When the werewolf finally shows up, it's almost anti-climatic, but it still hits Wyatt as hard as it did the first time he read it. The attack is disturbingly realistic. The werewolf is the heart of the story after all, and Sam doesn't skimp on the guts and gore. The older brother is mauled but not bitten. This is a good thing, according to the narrator, because it means that he won't turn into a werewolf. The reader has no choice but to trust the narrator's say-so on that one.

But there's plenty of shouting and howling, and it's all falling apart too quickly. The werewolf has got to be a symbol for something, but it feels pretty damn literal when Sam's father shoots the thing in the heart. Wyatt has always felt that there's an awful lot of blood for an allegory. But that's not the worst part.

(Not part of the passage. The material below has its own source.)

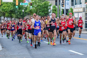 M50+ I have grown used to writing that 'the Greater Springfield Harriers took the division with ease. Last year they cracked 50 minutes and won the 5K title here by almost three minutes. At Virginia Beach for the 8K Championship, they won the division by almost 11 minutes! But this year they looked, if not vulnerable, at least approachable. Nat Larson had not raced since the 10K Championships in Dedham in April. Lemme had been up and down since running the Boston Marathon in mid-April. His best times this year do not come close to the times he was running in 2018. The Garden State Track Club and Atlanta had entered teams that would test the favorites. Larson was off his best but, luckily for Springfield, his pretty good is still fast. He and his teammate, Mark Hixson came across the line 1-2 for teams in 16:54. That took some of the pressure off of Lemme, who is furthest from being race fit. When the top 2 for Garden State, Mark Zamek and Joseph Hegge finished in 17:06 and 17:27, that opened up the possibility that they might get a 3rd runner in ahead of Lemme and if Lemme had a disastrous race, they might win. Of course, their third runner would also have to beat Springfield's Francis Burdett. Burdett always seems to be fighting his way back from injuries these days but he knows a lot about battling in races where he is not fully fit. Nor was Atlanta out of it either. David Matherne and Brad Slavens finished in 17:35 and 17:40. When their 3rd runner, Gary Droze, crossed the finish line in 17:55, that gave Atlanta three runners finished with a total of 53:10 and a 17:44 average. Two seconds later Lemme closed things out for Springfield, giving them a 51:45 for an average of 17:15. Another two seconds saw Garden State's Richard Osifchin finishing off Garden State's score at 52:32 or an average of 17:31, good for 2nd place. Another 8 seconds saw Burdett come across the line for Springfield. Even if Lemme had run into trouble, Burdett would have delivered a fast enough time to keep Springfield well ahead of Garden State. Atlanta's B and C teams finished in 4th and 5th in 55:38 and 1:00:21.

So here's the thing. The werewolf doesn't know it's evil. It doesn't even know that it's a monster, not at the end. With a silver bullet in its heart, the werewolf turns back into a man. He is bleeding out and dying. He asks why they're killing him. He doesn't even understand what he's done to die.

"We don't have a choice," Sam's father says, kneeling beside him. "Neither did you. This isn't your fault."

They stay with the werewolf as he dies. The older brother tells him they're sorry, and Sam holds the werewolf's hand. Afterward, Sam's father salts and burns the body, while his sons stand guard. They get back in the car, they drive away, and that's where it ends. It is quite possibly the strangest story that Wyatt has ever read.

Matt Wyatt is an English teacher. He's not a father and he doesn't know a damn thing about things that go bump in the dark. But he's not convinced he did the right thing when he handed back Sam's paper twelve years ago and let him walk out his classroom door. He supposes he could have called Child Protective Services and had them check things out. It had been obvious that something wasn't right, and Winchester's reappearance in his classroom has only confirmed that. Wyatt can't remember what advice he gave Sam, but he's glad it helped. It really was the very least he could do, and he's sure it wasn't enough. Maybe it would have been different if the boy had been his student a little bit longer, if he'd had a little more time.

Yet it haunts him still. The monster died, confused and doomed and damned, and by God, Wyatt hopes Sam can be happy. It will be a long time before he forgets the look on Sam Winchester's face before he left the room. You never forget the ones you can't save.